El iahveismo de los profetas refleja estos sentimientos. El Dios que alaban quiere "que la rectitud sea como una corriente de agua, y la justicia, como una corriente inacabable". [8] Dijo: "Porque yo, Iahvé, hago caridad, juzgamiento y justicia en la tierra; por ello siento alegría". [9] Conocer la justicia es conocer a Dios, [10] y la justicia se convierte en una emanación de la divinidad: adquiere el carácter de revelada.

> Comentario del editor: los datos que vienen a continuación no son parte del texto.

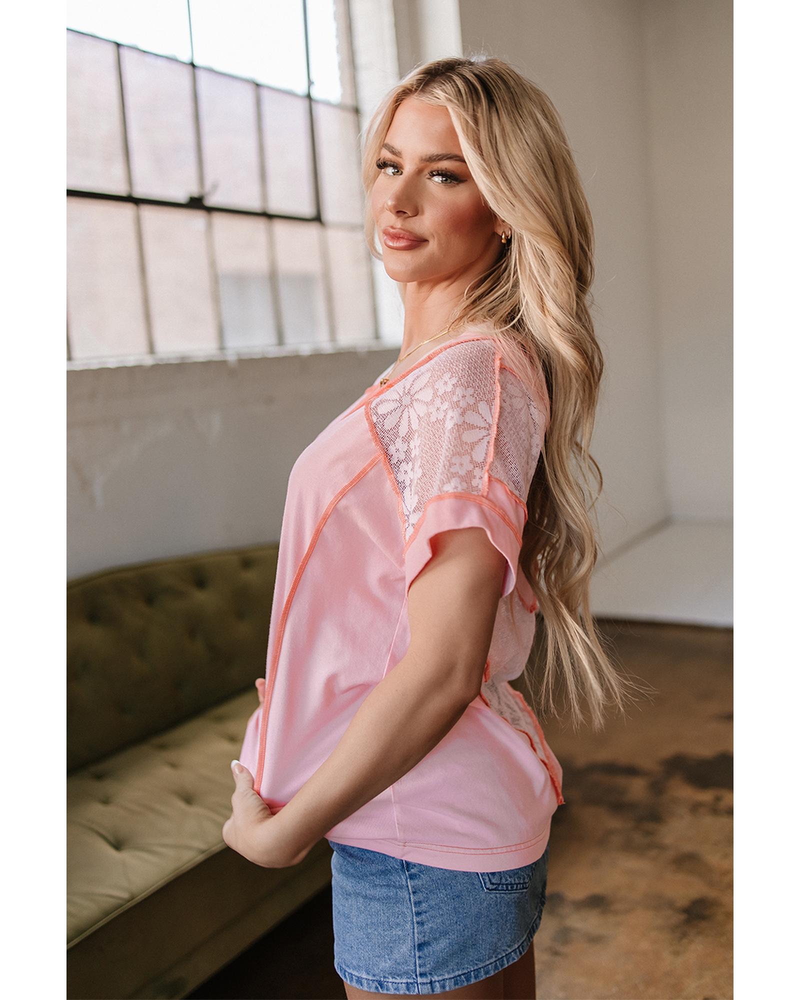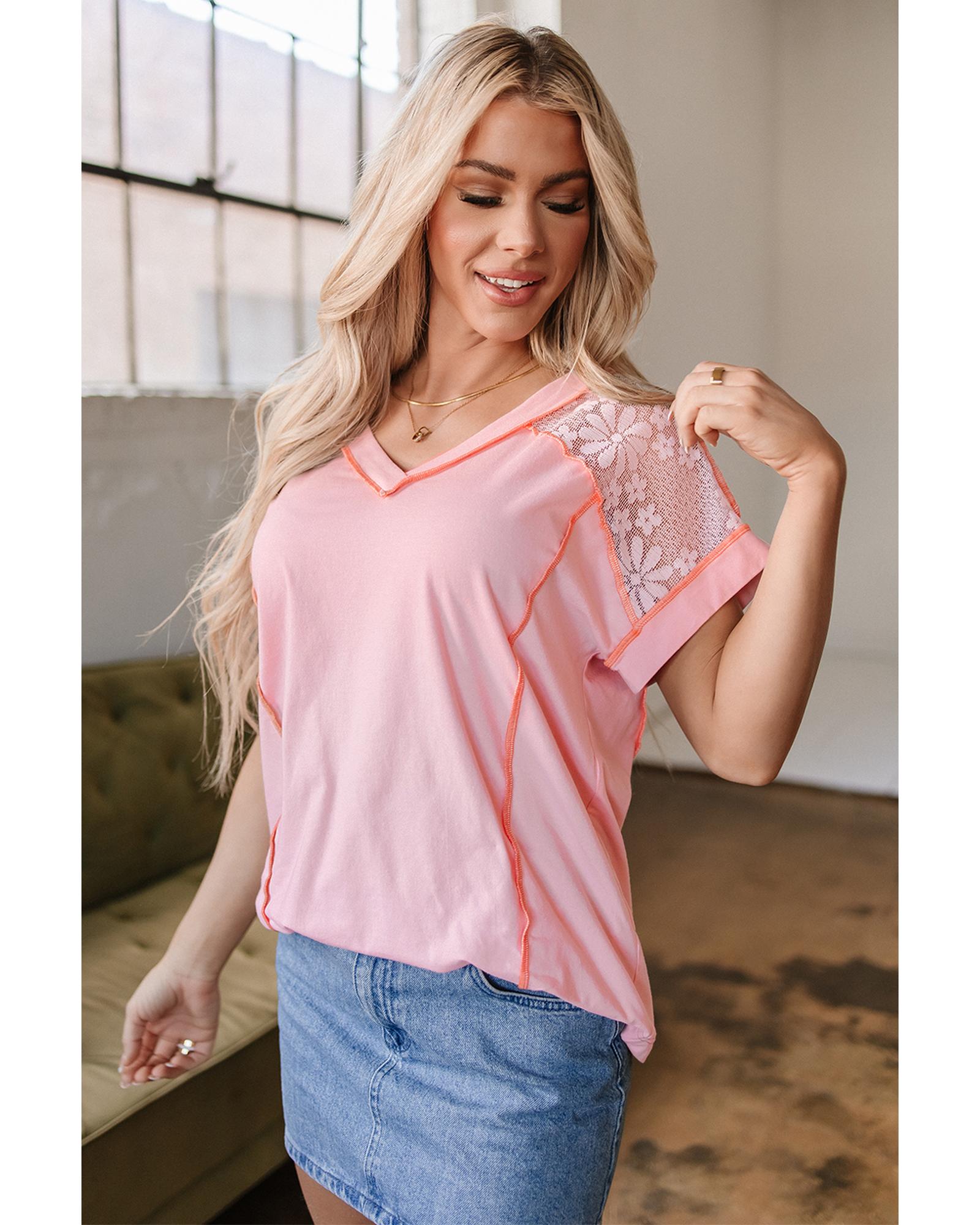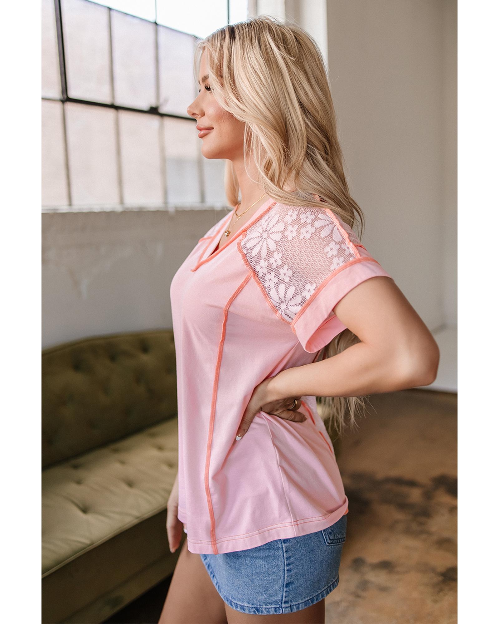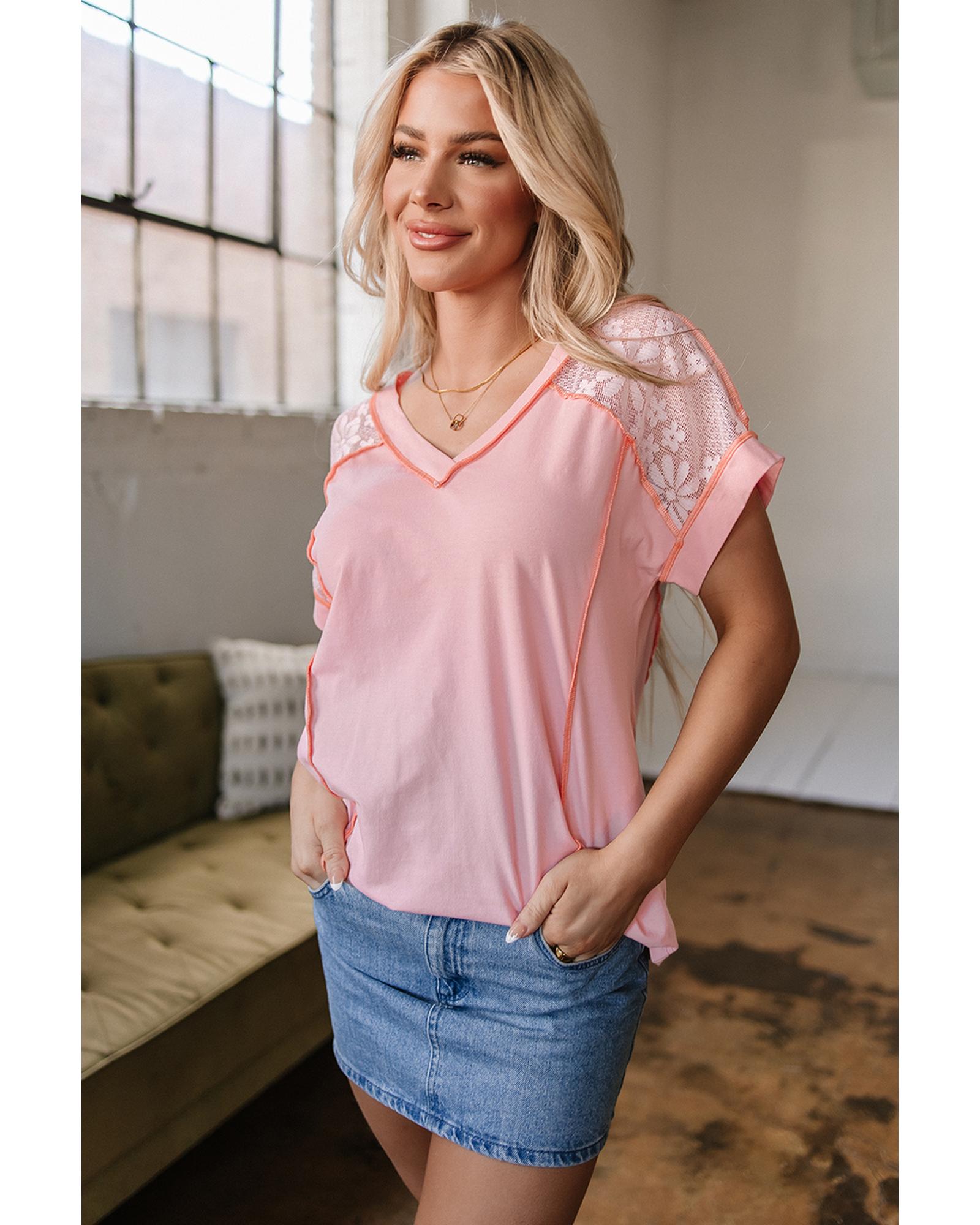 Light Pink Lace Patchwork Exposed Seam V Neck T Shirt – L

Para Isaías, Jeremías o Ezequiel, forma parte del dogma. Fue proclamada durante las teofanías sinaicas, y poco a poco nace esta idea: Israel debe realizar la justicia.
Es este deseo el que guía a todos los grandes vaticinadores, antes y después del cautiverio. Si el pueblo elegido no practica la justicia, se lo castigará por su idolatría. Si se lo lleva en esclavitud, no es solamente por haber adorado a Aschera y Kamosch, por haber sacrificado en lugares indebidos y por haber deshonrado el santuario, sino también por estar podrido de iniquidad.
Todas las escuelas proféticas estaban penetradas de tales pensamientos. Los profetas se creían enviados para luchar por el advenimiento de la justicia. Lo que más les llamaba la atención era evidentemente la desigualdad de las condiciones. Mientras hubiera pobres y ricos, no se podría esperar el reinado de la equidad. Según los nabis inspirados, los ricos eran el obstáculo para la justicia, y ésta no podría llegar sino por los pobres. Por ello, los anavim y los ebionim – los afligidos y los pobres – se juntaban alrededor de los profetas, sus defensores. Con ellos protestaban contra las exacciones. En contrapartida, los profetas los presentaban como modelos y, según ellos, trazaban el retrato del justo: "El justo es el que marcha derecho y habla con la verdad, el que desprecia una ganancia adquirida por extorsión, el que sacude las manos para rechazar los regalos, el que cierra los ojos para no ver el mal." [11] Indicaban a los ricos su deber y hablaban en nombre de Iahvé: "Este es el ayuno que me gusta: romper las cadenas de la injusticia, deshacer las ataduras de todos los yugos, devolver la libertad a los oprimidos y quebrar toda servidumbre; compartir su pan con el hambriento y dar una casa al desdichado sin asilo." [12]
A su vuelta de Babilonia, la población judía formó un núcleo considerable de pobres, justos, piadosos, humildes y santos. Gran parte de los Salmos salió de este medio. Estos salmos son, casi todos, diatribas violentas contra los ricos. Simbolizan la lucha de los ebionim contra los poderosos. Cuando los salmistas hablan a los poseedores – a los "llenos" – dicen con sumo gusto, con Amos: "Escuchadme, comedores de pobres, explotadores de los débiles del país," [13] y en todos estos poemas, escritos entre el exilio de Babilonia y los Macabeos (589 y 167), se glorifica el pobre: el amigo de Dios, su profeta y su ungido. El pobre es bueno y sus manos son puras. Es íntegro y justo. Forma parte del rebaño cuyo pastor es Dios.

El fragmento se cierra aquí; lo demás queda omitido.